**Exercise objective:** Once "市場(chǎng)監(jiā" turns up in a line below, reproduce that line and those after it exactly, stopping after the line with "The division of"; leave pictures out.

**Material provided:**
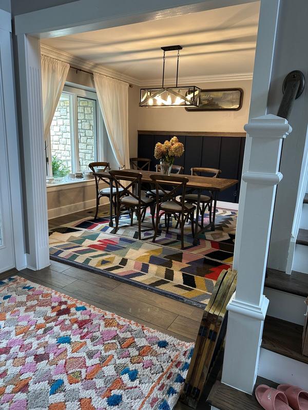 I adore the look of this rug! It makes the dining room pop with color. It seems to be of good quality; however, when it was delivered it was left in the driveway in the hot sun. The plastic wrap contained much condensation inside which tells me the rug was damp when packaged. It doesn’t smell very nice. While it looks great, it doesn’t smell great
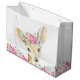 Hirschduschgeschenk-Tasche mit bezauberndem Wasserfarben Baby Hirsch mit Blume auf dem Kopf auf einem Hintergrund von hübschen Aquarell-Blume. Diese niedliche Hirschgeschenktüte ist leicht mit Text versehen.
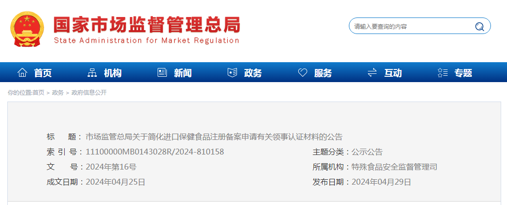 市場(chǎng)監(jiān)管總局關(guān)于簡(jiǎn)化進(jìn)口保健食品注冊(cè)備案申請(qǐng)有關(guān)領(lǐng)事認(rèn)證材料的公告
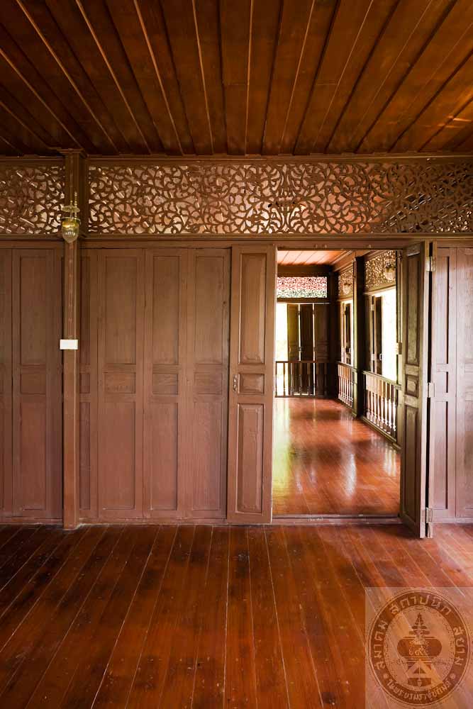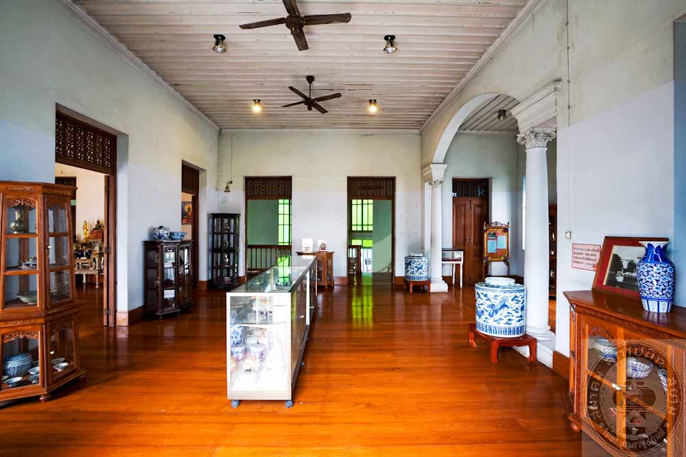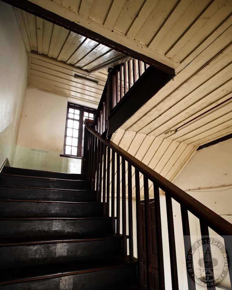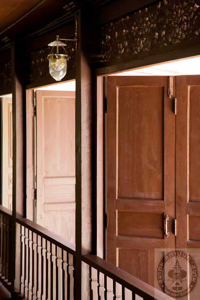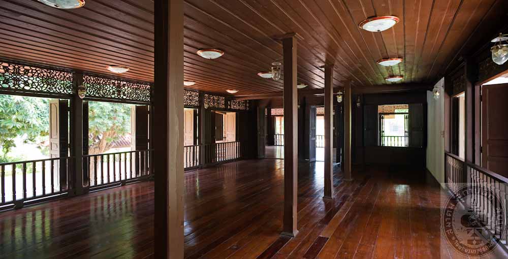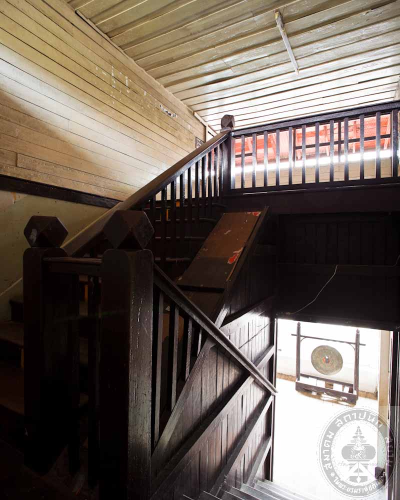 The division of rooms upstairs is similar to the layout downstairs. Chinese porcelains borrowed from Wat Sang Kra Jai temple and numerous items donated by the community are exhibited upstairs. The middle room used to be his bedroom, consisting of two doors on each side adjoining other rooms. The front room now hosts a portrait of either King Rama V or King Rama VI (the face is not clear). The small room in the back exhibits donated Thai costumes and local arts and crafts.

---

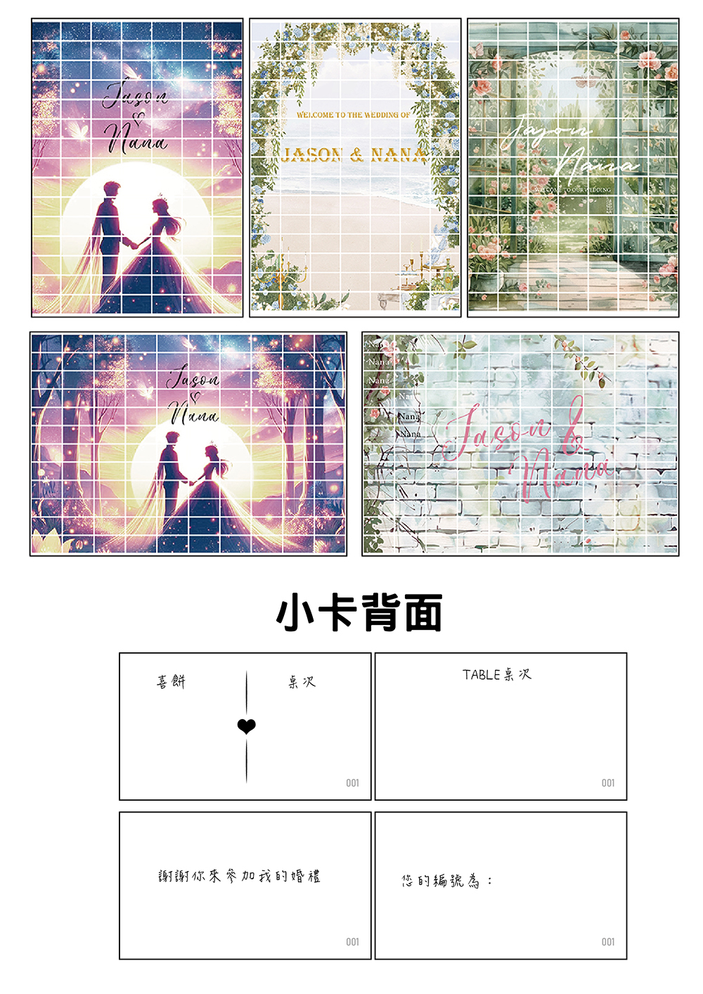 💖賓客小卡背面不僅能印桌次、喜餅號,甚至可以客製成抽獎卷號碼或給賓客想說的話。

**Solved exercise:**
 市場(chǎng)監(jiān)管總局關(guān)于簡(jiǎn)化進(jìn)口保健食品注冊(cè)備案申請(qǐng)有關(guān)領(lǐng)事認(rèn)證材料的公告
 The division of rooms upstairs is similar to the layout downstairs. Chinese porcelains borrowed from Wat Sang Kra Jai temple and numerous items donated by the community are exhibited upstairs. The middle room used to be his bedroom, consisting of two doors on each side adjoining other rooms. The front room now hosts a portrait of either King Rama V or King Rama VI (the face is not clear). The small room in the back exhibits donated Thai costumes and local arts and crafts.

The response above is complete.